Choose your picture and use the interface to configure a set of direction-sensitive gestures.
Confirm your gesture configuration to start using your new picture password.
3. Security key
You can also use a separate USB key and configure it to unlock your device manually. Most cost between $20 and $50, and they fit easily onto a keychain. Although we don’t typically recommend these items as the first option, they can be an effective way to add layers of security.
Require Windows Hello for Microsoft logins
You can customize a few other general access settings below your device’s login options. Once you configure Windows Hello on your PC, you can require every user on your device to use it as well.
You can toggle this feature within the Sign-in options in your settings. If you decide to turn it off, you and other users can log in using other methods including fingerprint, PIN, and traditional passwords.
Windows Hello for Business
For businesses and enterprise applications, Windows Hello offers exponential benefits for teams of all sizes. Employees and stakeholders can enjoy the perks of seamless integration across their devices as well as the increased efficiency and security.
Microsoft’s extensive support documentation makes this process easy with guidance on how to shift your business toward a “passwordless strategy.” The company also hosts dozens of articles and how-tos related to improving security across organizations.

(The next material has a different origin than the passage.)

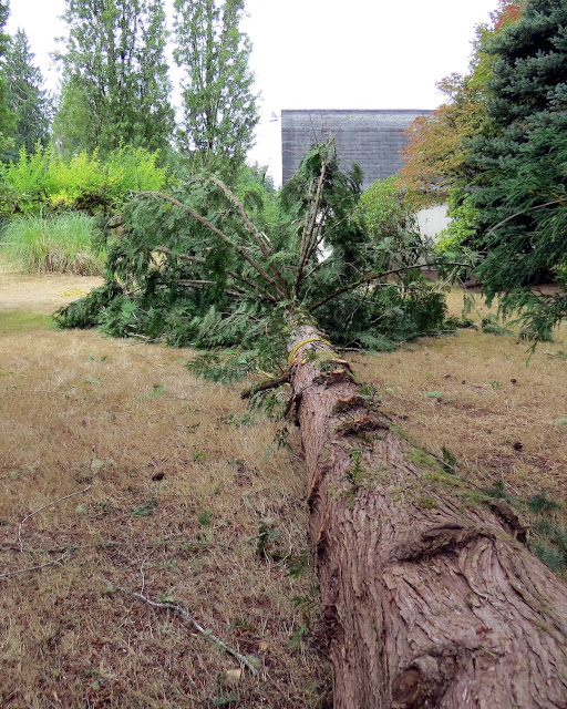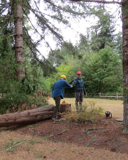 In addition to visiting my parents and my brother's family, we fulfilled a few obligatory chores, the most fun which was felling a giant tree in my parents' yard. Chad put his Forest Service experience to good use, and dropped the big cedar without hitting either the garage to the right, or the cherry tree to the left. It was getting a bit too big for the space it was in. My dad will get a lot of fence posts out of this one.

Windows Hello’s benefits are too great to ignore. It offers additional security and ease of use thanks to a simplified log-in process and effective two-factor authentication. The fingerprint scanning option is straightforward and reliable, and Windows Hello Face gathers biometric data quickly thanks to near-infrared imaging.
Given the ongoing improvements to the technology, Windows Hello and biometric authentication will only expand in the coming years. You can also expect to see more and more compatible PCs on the market.
For instance, the HP ENVY 13 laptop series is a popular and versatile option that supports Windows Hello’s biometric features, and there are plenty of other ways you can enjoy this incredibly useful piece of security tech.